JS-77.7
Hormone Decline and Aging: Sociology of a Medical Promise

Friday, July 18, 2014: 7:00 PM
Room: 304
Distributed Paper
Boris HAURAY , IRIS, INSERM / EHESS, Bobigny, France
Sébastien DALGALARRONDO , IRIS, CNRS/EHESS/IRIS, Bobigny, France
The promise of slowing down, stopping or even reversing the aging process is, in a sense, medicine’s hyper-promise and the ultimate victory of science over human nature. And indeed this desire has been expressed, in particular through the myth of the fountain of youth, for thousands of years and in a great many civilisations. This idea emerges regularly in the public and scientific space, from the early 20th Century attempts to transplant animal glands in order to restore the vitality of people’s youthful state to the forecasts made about “regenerative” medicine in the wake of the isolation of embryonic stem cells and the cloning of Dolly the sheep.
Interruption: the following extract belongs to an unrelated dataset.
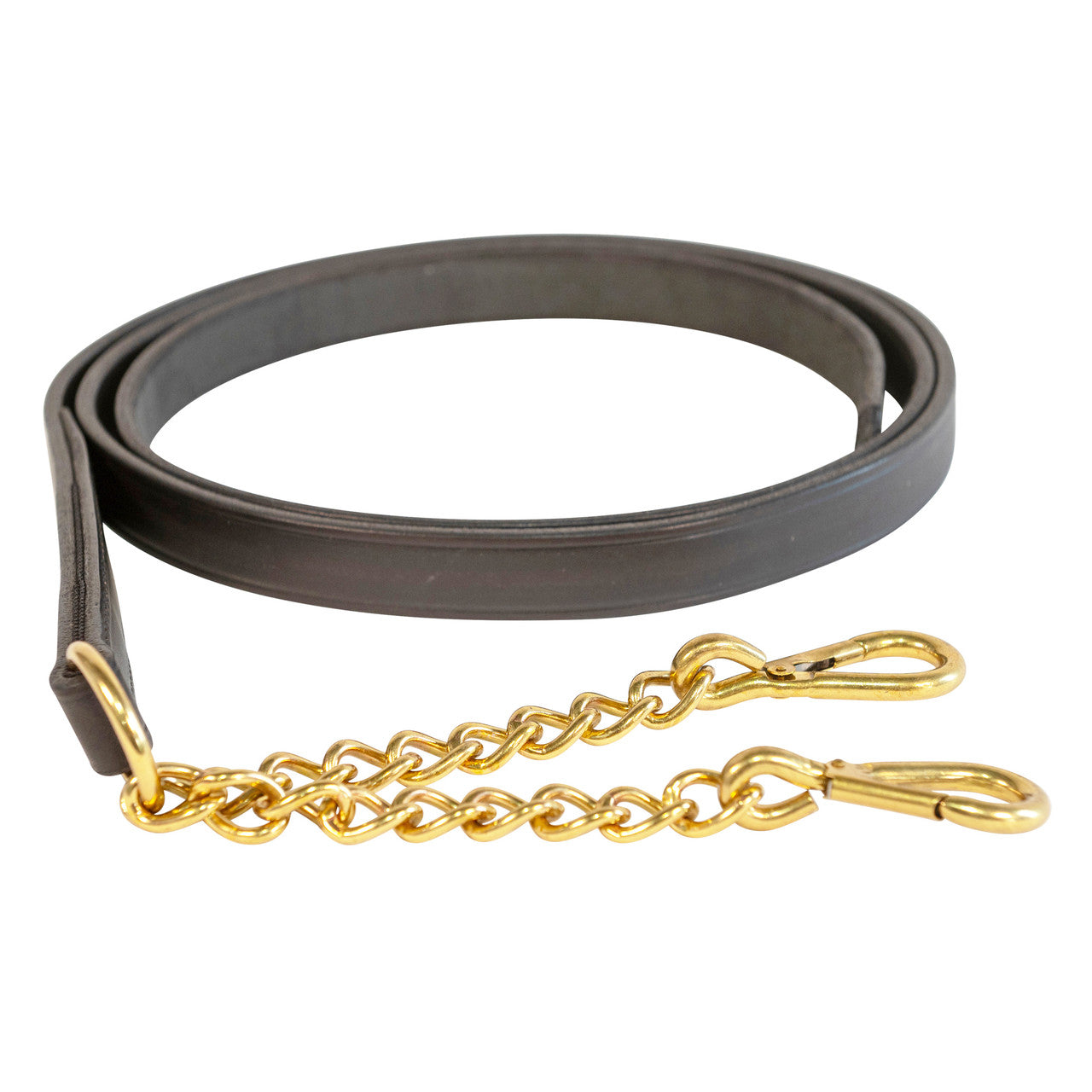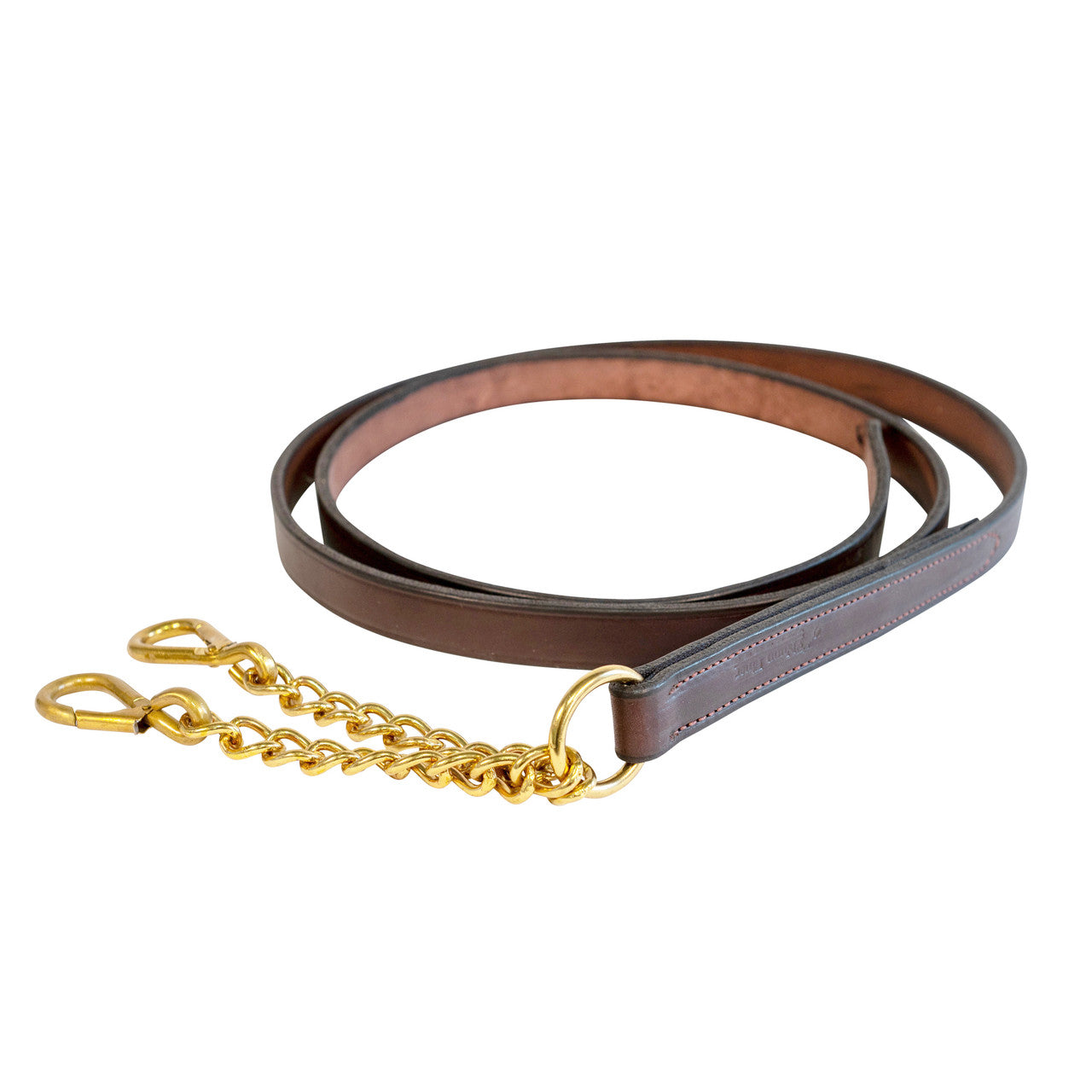 When you want to present a truly finished picture for jog out or in-hand classes, our Newmarket Shank adds just the right touch. The split chain allows for easy attachment to a bit while wearing a bridle. Premium bridle leather with a solid brass split chain.

Since the mid 1990s, research and practices aiming to fight the aging process have even intensified and become more structured, with the development of so-called “anti-aging” medicine. One hypothesis played a key role in this dynamic: that of hormone replacement therapy. The underlying idea is that during life, the production of certain hormones, which are essential for many of the body’s functions, tends to decrease and that by compensating for this decrease, it is possible to tackle the very process of aging. Different hormones were targeted: melatonin, the growth hormone and DHEA (dehydroepiandrosterone). In France, it was above all the latter that was promoted as a possible “youth pill”.

It this presentation we will first examine the construction of DHEA’s anti-aging promise, its underlying roots, the conditions under which it emerged, and the changes it has undergone. We will then analyse the reception of this promise in France, its impact on the representation of the body and on anti-aging practices. A last section will show how this promise was called into question from the mid-2000s onwards but managed to survive.